Tag Archives: PMP

PMI Classes: Worth the Certification?

This Post was written by Bridge Technical Talent
Date posted: April 14, 2015

There comes a point in most people’s careers when they begin to think how they can take the next step forward. In the project management industry, many look to the Project Management Institute’s Project Management Professional (PMP) certification for advancement. While the PMP certification is a well respected credential, it is not necessarily right for everyone. So, is getting your PMP certification worth it for you? Here are some generalized benefits and drawbacks to consider if you choose to pursue your PMP certification.

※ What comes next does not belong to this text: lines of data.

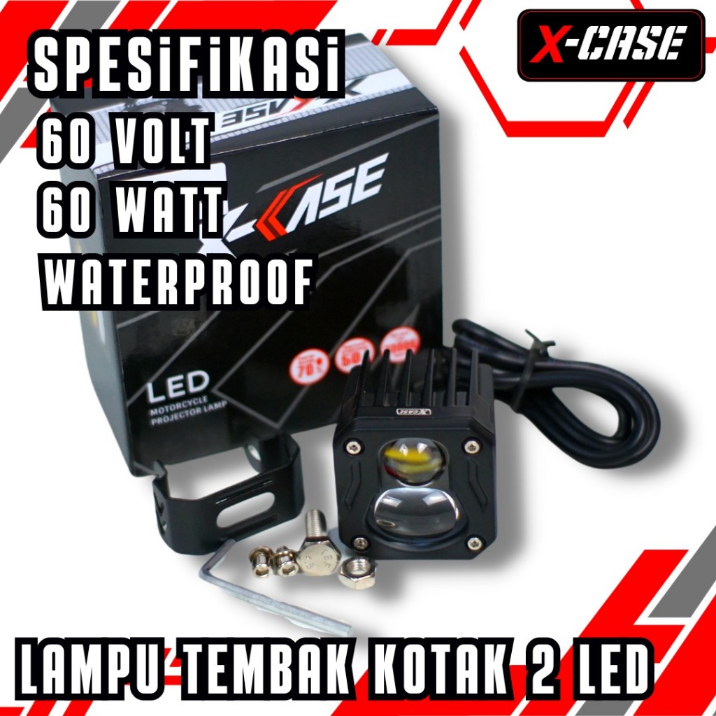 X-Case Lampu Tembak Kotak 2 Led 60 Volt 60 Watt Waterproof Universal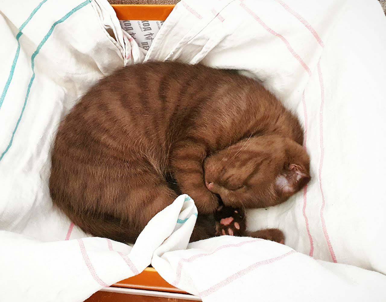 Удивительная кошка. Подобрали в подъезде мелкой.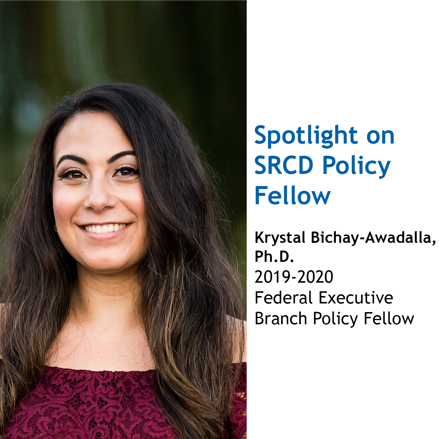 Krystal Bichay-Awadalla is a SRCD Federal Executive Branch Policy Fellow who is placed in the Office of Planning, Research and Evaluation (OPRE), Administration for Children and Families (ACF), U.S. Department of Health and Human Services (HHS)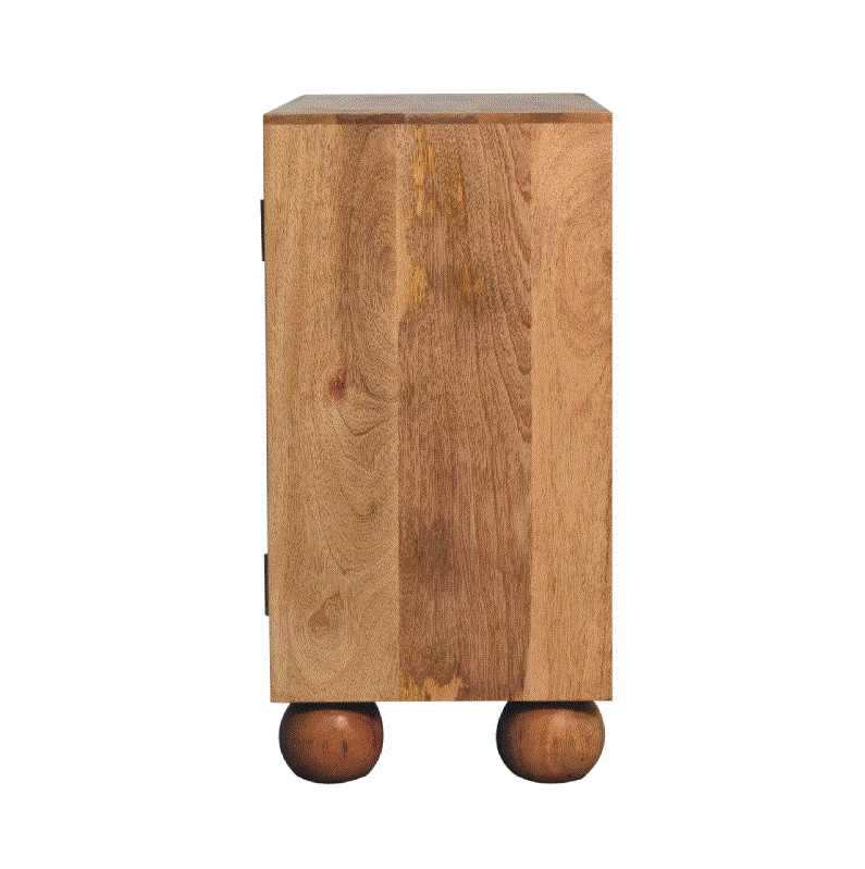 This stylish Nordic Rattan cabinet combines 2 arch-woven front doors which have a smooth oak-ish finish, the unit is constructed from 100% solid mango and features space inside perfect for storage as well as 2 shiny brass knobs and chunky ball feet. Make full use of this cabinet in the living room or partner it with the rest of the collection.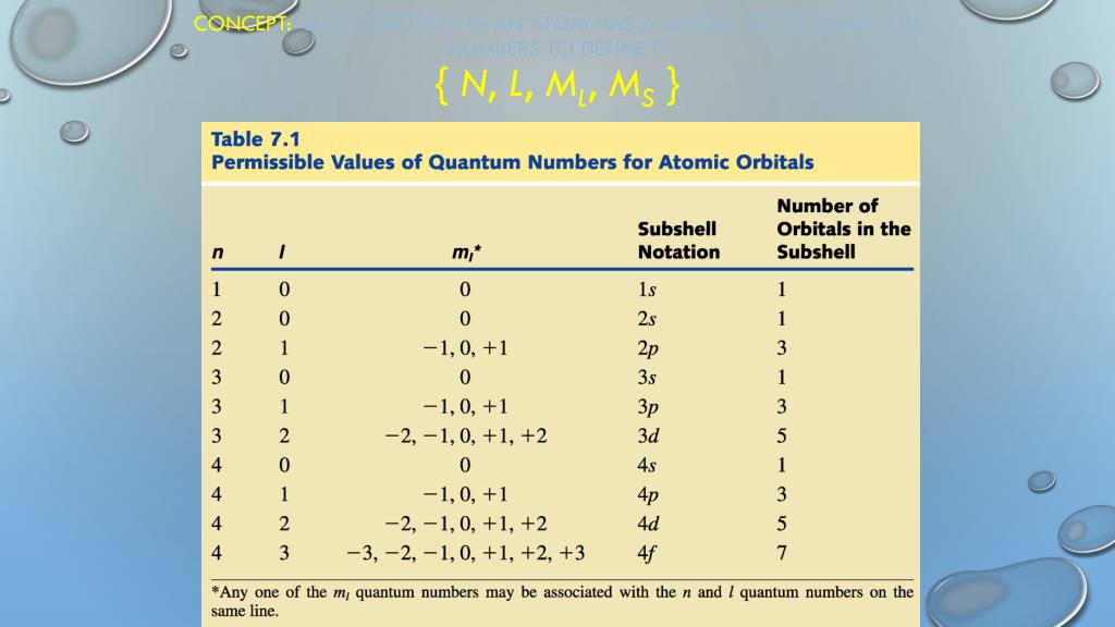 Concept: Each electron in an atom has a unique set of quantum numbers to define it{ n, l, ml, ms } 49

  • Getting your PMP certification is certainly not cheap. The exam fee itself is $405 for PMI members and $555 for non members. Prep courses for the exam can range from $1500 to $4000 for 3 months of intensive preparation.
  • PMP is becoming more of a fashion than a skill. Some say that PMP certification does not prove you are a great project manager and that what it all boils down to is experience and proven successes over time.
  • PMP certification is based on one project management framework (PMBOK). There are other frameworks and methodologies to keeping your project on scope and under budget so it is worth confirming that PMP certification has value in your specific industry.


  • PMP certification often offers financial benefits. Those with PMP certification have significantly higher salaries than those without certification. PMP certification may gain you a 20% increased in salary over non certified project managers.
  • PMP certification makes your resume attractive. Recruiters often use certification to narrow their candidate pool. Some recruiters even value the certification more than a masters degree because it shows that you have the ability to adhere to strictly defined processes.
  • PMP certification helps you learn a common language. Earning your PMP certification can help you in your ability to articulate important components of projects such as project goals, resources, assumptions, and risks. PMP certification allows for better communication with clients and vendors.

After considering the advantages and disadvantages of pursuing PMP certification, is it worth it to further your project management career? The answer depends on your career goals within the industry. It can definitely help you enter new industries but it’s important to view the process as an investment. Our team of recruiters would be more than happy to help you discuss pursuing your PMP certification. You can contact our team here.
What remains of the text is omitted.